Given data Block Start

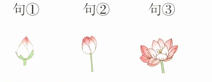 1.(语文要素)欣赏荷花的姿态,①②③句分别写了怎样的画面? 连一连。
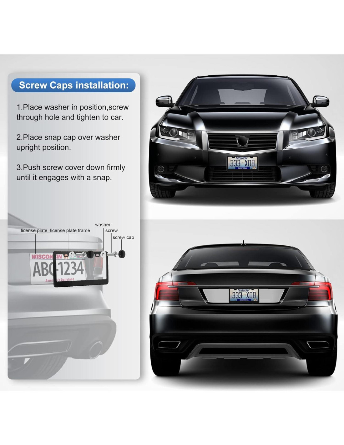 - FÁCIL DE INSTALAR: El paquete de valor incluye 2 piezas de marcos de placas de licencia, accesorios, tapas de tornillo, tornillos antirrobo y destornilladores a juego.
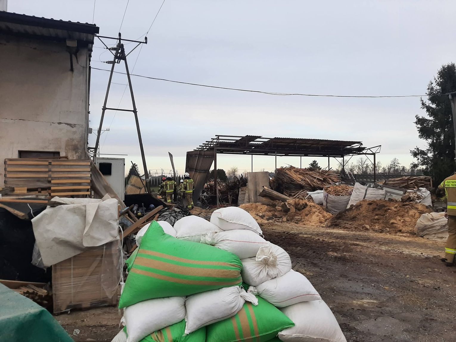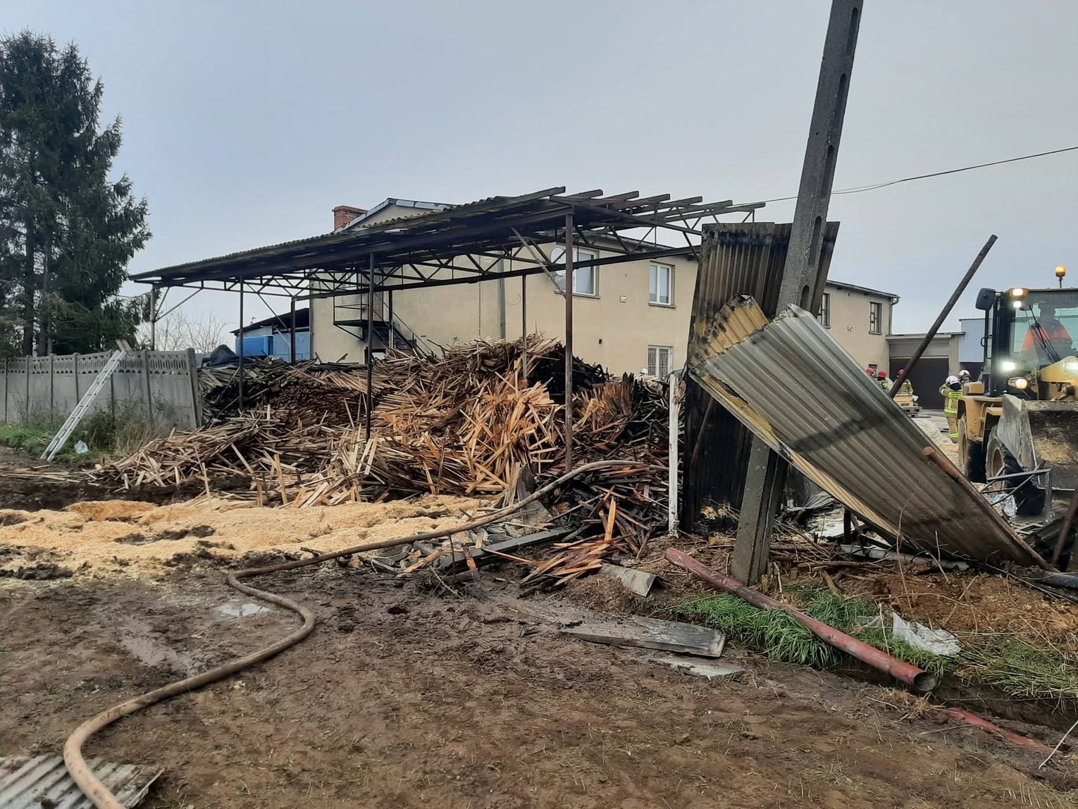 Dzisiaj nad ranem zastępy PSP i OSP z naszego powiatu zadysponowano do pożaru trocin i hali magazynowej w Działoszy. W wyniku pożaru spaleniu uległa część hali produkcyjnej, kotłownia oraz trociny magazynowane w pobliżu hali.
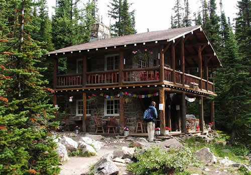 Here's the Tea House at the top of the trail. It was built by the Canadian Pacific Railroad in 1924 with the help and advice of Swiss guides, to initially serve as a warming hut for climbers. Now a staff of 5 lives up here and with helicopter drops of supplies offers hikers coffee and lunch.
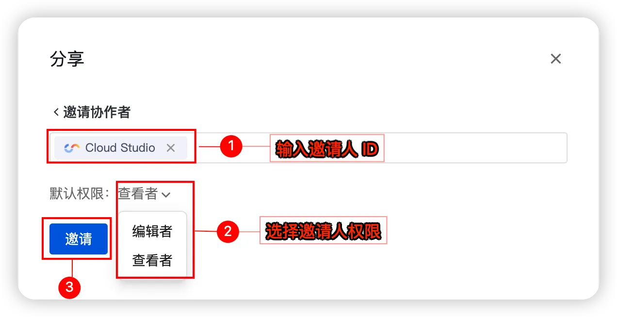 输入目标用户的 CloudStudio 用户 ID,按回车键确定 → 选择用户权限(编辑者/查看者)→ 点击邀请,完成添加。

Given data Block End

→ Task objective: Repeat each of the entries above exactly, but do not carry over the pictures.

→ Solution below:
 1.(语文要素)欣赏荷花的姿态,①②③句分别写了怎样的画面? 连一连。
 - FÁCIL DE INSTALAR: El paquete de valor incluye 2 piezas de marcos de placas de licencia, accesorios, tapas de tornillo, tornillos antirrobo y destornilladores a juego.
 Dzisiaj nad ranem zastępy PSP i OSP z naszego powiatu zadysponowano do pożaru trocin i hali magazynowej w Działoszy. W wyniku pożaru spaleniu uległa część hali produkcyjnej, kotłownia oraz trociny magazynowane w pobliżu hali.
 Here's the Tea House at the top of the trail. It was built by the Canadian Pacific Railroad in 1924 with the help and advice of Swiss guides, to initially serve as a warming hut for climbers. Now a staff of 5 lives up here and with helicopter drops of supplies offers hikers coffee and lunch.
 输入目标用户的 CloudStudio 用户 ID,按回车键确定 → 选择用户权限(编辑者/查看者)→ 点击邀请,完成添加。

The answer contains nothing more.